• WHAT TO WORK ON: Copy out the listing that follows, exactly, without its pictures.

== MATERIAL PROVIDED

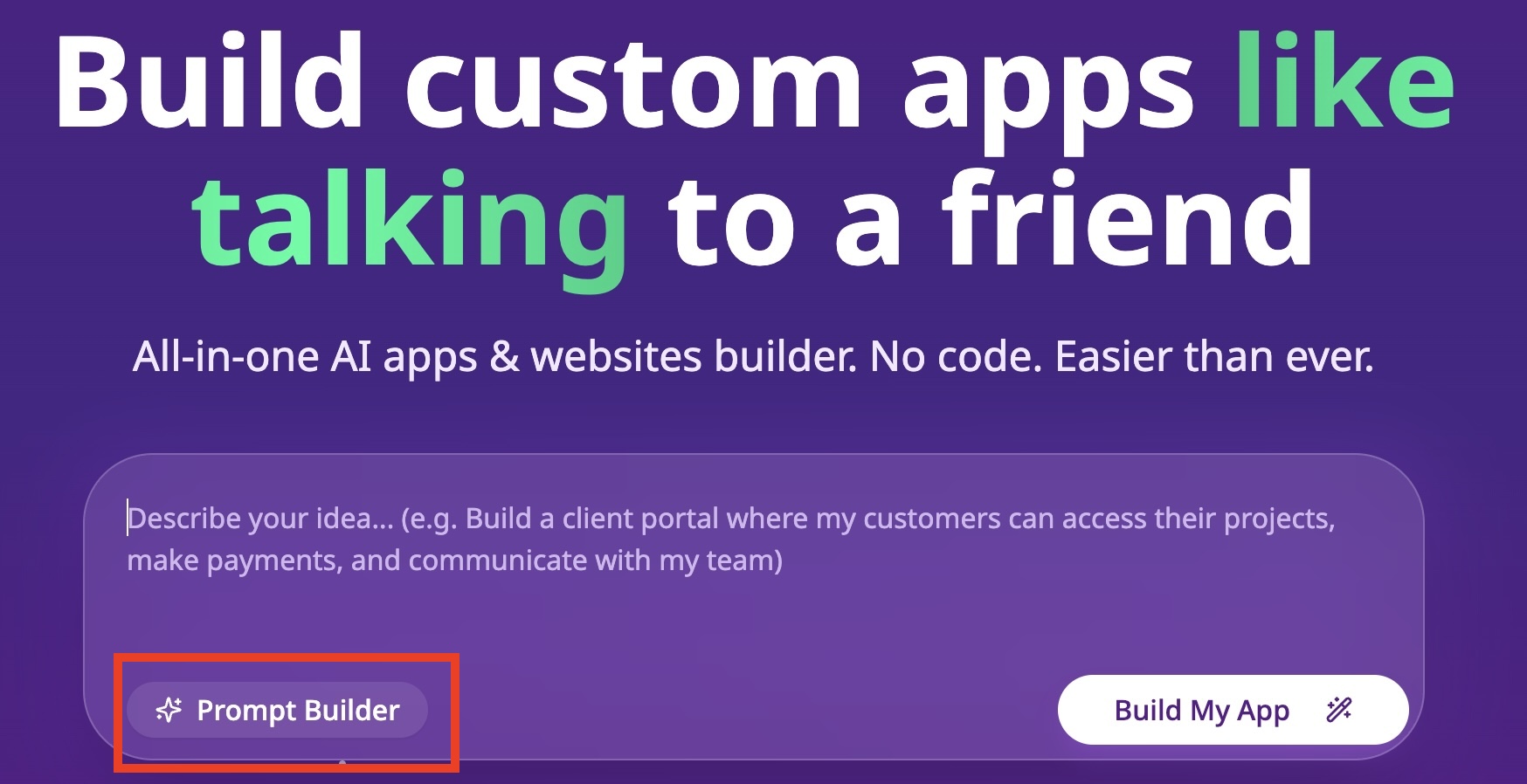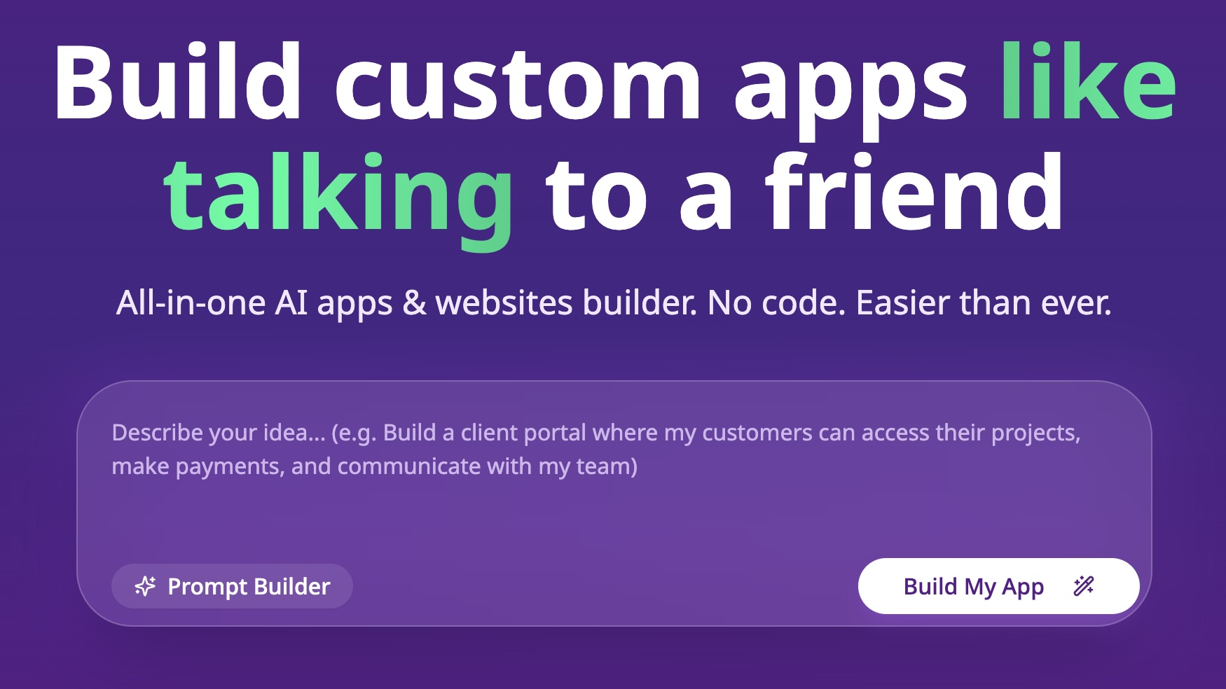 - Unsure how to phrase your idea? Use our Prompt Builder — it guides you with simple questions about your audience, key features, brand colors, language preferences, and other important details to help shape your app’s design and functionality.
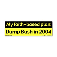 Faith Says Dump Bush 2004 Bumper StickerFrom the Designer Tell the world how you feel! Our bumper stickers are perfect for expressing yourself while cruising down the highway or just for posting on the wall.
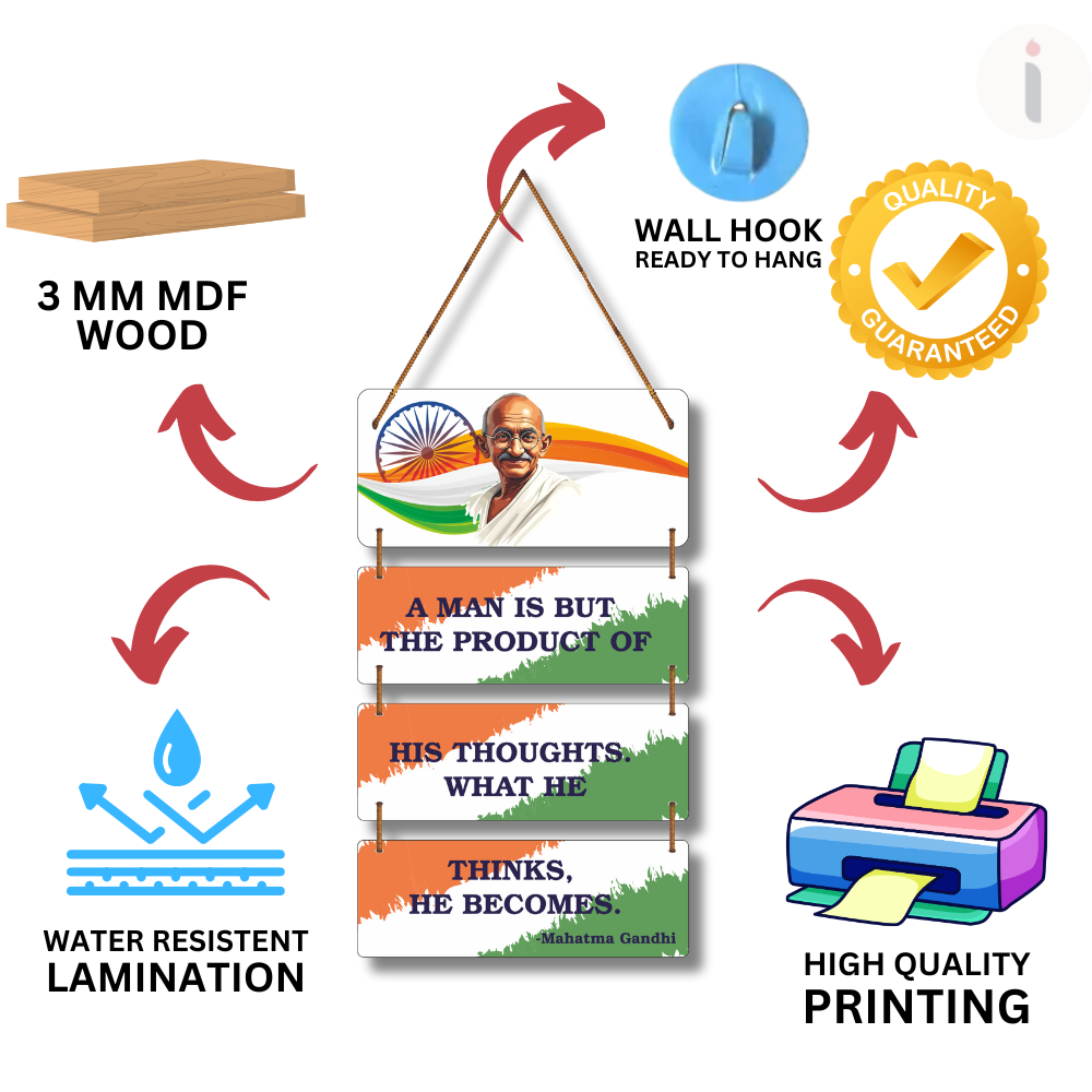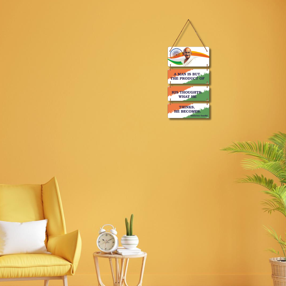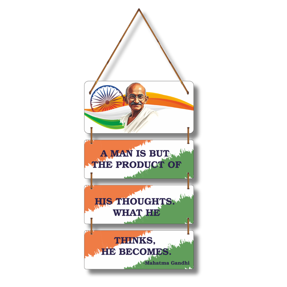This wall hanging features Mahatma Gandhi’s timeless words: “A man is but the product of his thoughts. What he thinks, he becomes.” Designed with the Indian tricolor and Gandhi’s portrait, it symbolizes wisdom, peace, and patriotism. A perfect décor piece for homes, offices, or study areas, it inspires positive thinking and reminds us of the power of thoughts.

====

• SOLVED PROBLEM:
 - Unsure how to phrase your idea? Use our Prompt Builder — it guides you with simple questions about your audience, key features, brand colors, language preferences, and other important details to help shape your app’s design and functionality.
 Faith Says Dump Bush 2004 Bumper StickerFrom the Designer Tell the world how you feel! Our bumper stickers are perfect for expressing yourself while cruising down the highway or just for posting on the wall.
This wall hanging features Mahatma Gandhi’s timeless words: “A man is but the product of his thoughts. What he thinks, he becomes.” Designed with the Indian tricolor and Gandhi’s portrait, it symbolizes wisdom, peace, and patriotism. A perfect décor piece for homes, offices, or study areas, it inspires positive thinking and reminds us of the power of thoughts.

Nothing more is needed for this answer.